PROBLEM: Pick the lines holding the string "which" out of the records and copy them.

________________________

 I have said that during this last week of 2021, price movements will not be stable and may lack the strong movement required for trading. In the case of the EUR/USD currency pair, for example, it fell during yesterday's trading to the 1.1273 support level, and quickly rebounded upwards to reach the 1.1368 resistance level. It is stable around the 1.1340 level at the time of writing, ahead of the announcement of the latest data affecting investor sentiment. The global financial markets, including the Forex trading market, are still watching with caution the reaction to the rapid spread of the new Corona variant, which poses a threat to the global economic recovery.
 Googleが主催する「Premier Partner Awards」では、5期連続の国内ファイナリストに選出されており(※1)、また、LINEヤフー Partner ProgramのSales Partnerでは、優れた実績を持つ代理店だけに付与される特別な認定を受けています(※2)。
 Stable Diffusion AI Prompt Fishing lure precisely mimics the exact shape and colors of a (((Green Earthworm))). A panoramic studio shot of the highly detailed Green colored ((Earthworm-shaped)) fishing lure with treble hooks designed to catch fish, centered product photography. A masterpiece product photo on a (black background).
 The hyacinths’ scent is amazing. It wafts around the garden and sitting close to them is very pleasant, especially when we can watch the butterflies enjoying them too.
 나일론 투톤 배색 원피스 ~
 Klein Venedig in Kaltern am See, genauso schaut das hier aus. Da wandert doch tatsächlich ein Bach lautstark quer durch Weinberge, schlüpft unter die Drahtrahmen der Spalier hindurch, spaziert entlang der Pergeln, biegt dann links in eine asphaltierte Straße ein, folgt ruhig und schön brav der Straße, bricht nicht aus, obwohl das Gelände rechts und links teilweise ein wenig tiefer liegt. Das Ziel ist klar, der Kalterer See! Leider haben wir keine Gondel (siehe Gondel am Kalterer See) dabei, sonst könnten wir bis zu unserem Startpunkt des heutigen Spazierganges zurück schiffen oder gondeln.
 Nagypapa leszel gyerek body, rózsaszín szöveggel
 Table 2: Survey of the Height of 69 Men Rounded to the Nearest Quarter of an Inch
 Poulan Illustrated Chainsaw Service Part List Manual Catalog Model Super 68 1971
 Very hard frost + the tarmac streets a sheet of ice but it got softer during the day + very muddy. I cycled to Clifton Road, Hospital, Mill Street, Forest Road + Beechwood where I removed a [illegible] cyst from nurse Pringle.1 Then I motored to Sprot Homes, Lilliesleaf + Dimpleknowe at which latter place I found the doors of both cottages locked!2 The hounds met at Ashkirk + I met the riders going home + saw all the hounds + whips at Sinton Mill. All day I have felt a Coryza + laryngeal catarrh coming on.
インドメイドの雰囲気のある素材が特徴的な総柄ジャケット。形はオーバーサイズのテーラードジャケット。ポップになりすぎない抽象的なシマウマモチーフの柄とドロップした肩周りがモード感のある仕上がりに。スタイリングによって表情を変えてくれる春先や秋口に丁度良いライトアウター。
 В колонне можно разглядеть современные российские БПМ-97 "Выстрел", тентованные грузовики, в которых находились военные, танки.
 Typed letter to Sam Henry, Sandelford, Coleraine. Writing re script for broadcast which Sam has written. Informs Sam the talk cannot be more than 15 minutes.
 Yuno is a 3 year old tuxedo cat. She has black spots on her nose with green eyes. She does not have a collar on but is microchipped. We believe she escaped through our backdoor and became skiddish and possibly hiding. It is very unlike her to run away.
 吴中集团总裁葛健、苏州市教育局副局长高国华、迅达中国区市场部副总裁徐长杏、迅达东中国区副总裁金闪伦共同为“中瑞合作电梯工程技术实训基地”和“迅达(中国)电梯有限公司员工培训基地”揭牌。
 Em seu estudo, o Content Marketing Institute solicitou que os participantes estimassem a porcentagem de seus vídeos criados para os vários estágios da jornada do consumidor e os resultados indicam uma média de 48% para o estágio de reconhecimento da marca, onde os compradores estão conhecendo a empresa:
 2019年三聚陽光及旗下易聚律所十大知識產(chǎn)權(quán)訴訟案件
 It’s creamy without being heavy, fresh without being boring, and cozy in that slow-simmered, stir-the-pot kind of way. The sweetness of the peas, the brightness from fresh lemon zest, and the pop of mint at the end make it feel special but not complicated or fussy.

________________________

RESULT BELOW:
 I have said that during this last week of 2021, price movements will not be stable and may lack the strong movement required for trading. In the case of the EUR/USD currency pair, for example, it fell during yesterday's trading to the 1.1273 support level, and quickly rebounded upwards to reach the 1.1368 resistance level. It is stable around the 1.1340 level at the time of writing, ahead of the announcement of the latest data affecting investor sentiment. The global financial markets, including the Forex trading market, are still watching with caution the reaction to the rapid spread of the new Corona variant, which poses a threat to the global economic recovery.
 Very hard frost + the tarmac streets a sheet of ice but it got softer during the day + very muddy. I cycled to Clifton Road, Hospital, Mill Street, Forest Road + Beechwood where I removed a [illegible] cyst from nurse Pringle.1 Then I motored to Sprot Homes, Lilliesleaf + Dimpleknowe at which latter place I found the doors of both cottages locked!2 The hounds met at Ashkirk + I met the riders going home + saw all the hounds + whips at Sinton Mill. All day I have felt a Coryza + laryngeal catarrh coming on.
 Typed letter to Sam Henry, Sandelford, Coleraine. Writing re script for broadcast which Sam has written. Informs Sam the talk cannot be more than 15 minutes.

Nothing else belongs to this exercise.